The second study was a multi-center, randomized, double-blind, placebo-controlled, cross-over, modified analog classroom study (Study 8) of VYVANSE to simulate a workplace environment in 142 adults ages 18 to 55 who met DSM-IV-TR criteria for ADHD. There was a 4-week open-label, dose optimization phase with VYVANSE (30 mg/day, 50 mg/day, or 70 mg/day in the morning). Patients were then randomized to one of two treatment sequences: 1) VYVANSE (optimized dose) followed by placebo, each for one week, or 2) placebo followed by VYVANSE, each for one week. Efficacy assessments occurred at the end of each week, using the Permanent Product Measure of Performance (PERMP), a skill-adjusted math test that measures attention in ADHD. PERMP total score results from the sum of the number of math problems attempted plus the number of math problems answered correctly.
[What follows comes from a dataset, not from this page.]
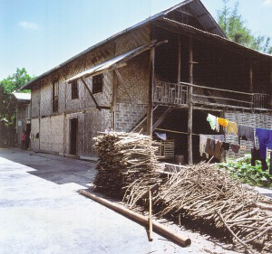 云南瑞麗的傣族民居。瑞麗的傣族民居是二層的竹樓,竹編外墻是利用竹皮正反面的紋理和光滑粗糙面編織的,從檐下垂直到底,均勻的縫隙透光通風(fēng),在強(qiáng)光照射下,其多變的幾何圖案更突出了工藝技巧和干欄式建筑的整體美感。屋面脊長,出檐短,大都用鍍鋅瓦楞鐵板替代草頂。樓層四壁以竹篾板封閉,開尺許小窗。外附短柱作下層重檐的斜撐,四周再加一圈矮柱,與墻面斜撐配。

VYVANSE treatment, compared to placebo, resulted in a statistically significant improvement in attention across all post-dose time points, as measured by average PERMP total scores over the course of one assessment day, as well as at each time point measured. The PERMP assessments were administered at pre-dose (-0.5 hours) and at 2, 4, 8, 10, 12, and 14 hours post-dose (Study 8 in Table 7, Figure 6).

Adults: Maintenance Treatment in ADHD

A double-blind, placebo-controlled, randomized withdrawal design study (Study 9) was conducted in adults ages 18 to 55 (N=123) who had a documented diagnosis of ADHD or met DSM-IV criteria for ADHD. At study entry, patients must have had documentation of treatment with VYVANSE for a minimum of 6 months and had to demonstrate treatment response as defined by Clinical Global Impression Severity (CGI-S) ≤3 and Total Score on the ADHD-RS <22. ADHD-RS Total Score is a measure of core symptoms of ADHD. The CGI-S score assesses the clinician's impression of the patient's current illness state and ranges from 1 (not at all ill) to 7 (extremely ill). Patients that maintained treatment response at week 3 of the open label treatment phase (N=116) were eligible to be randomized to ongoing treatment with the same dose of VYVANSE (N=56) or switched to placebo (N=60) during the double-blind phase. Patients were observed for relapse (treatment failure) during the 6-week double-blind phase. The efficacy endpoint was the proportion of patients with treatment failure during the double-blind phase. Treatment failure was defined as a ≥50% increase (worsening) in the ADHD-RS Total Score and ≥2-point increase in the CGI-S score compared to scores at entry into the double-blind phase. Maintenance of efficacy for patients treated with VYVANSE was demonstrated by the significantly lower proportion of patients with treatment failure (9%) compared to patients receiving placebo (75%) at endpoint during the double-blind phase (Study 9, Figure 7).

Figure 4 LS Mean SKAMP Deportment Subscale Score by Treatment and Time-point for Children Ages 6 to 12 with ADHD after 1 Week of Double Blind Treatment (Study 3)

Higher score on the SKAMP-Deportment scale indicates more severe symptoms

Figure 5 Kaplan-Meier Estimation of Proportion of Patients with Treatment Failure for Children and Adolescent Ages 6-17 (Study 6)

Figure 6 LS Mean (SE) PERMP Total Score by Treatment and Time-point for Adults Ages 18 to 55 with ADHD after 1 Week of Double Blind Treatment (Study 8)

Higher score on the PERMP scale indicates less severe symptoms.

Figure 7 Kaplan-Meier Estimation of Time to Treatment Failure in Adults with ADHD (Study 9)

Disposal

Comply with local laws and regulations on drug disposal of CNS stimulants. Dispose of remaining, unused, or expired VYVANSE by a medicine take-back program.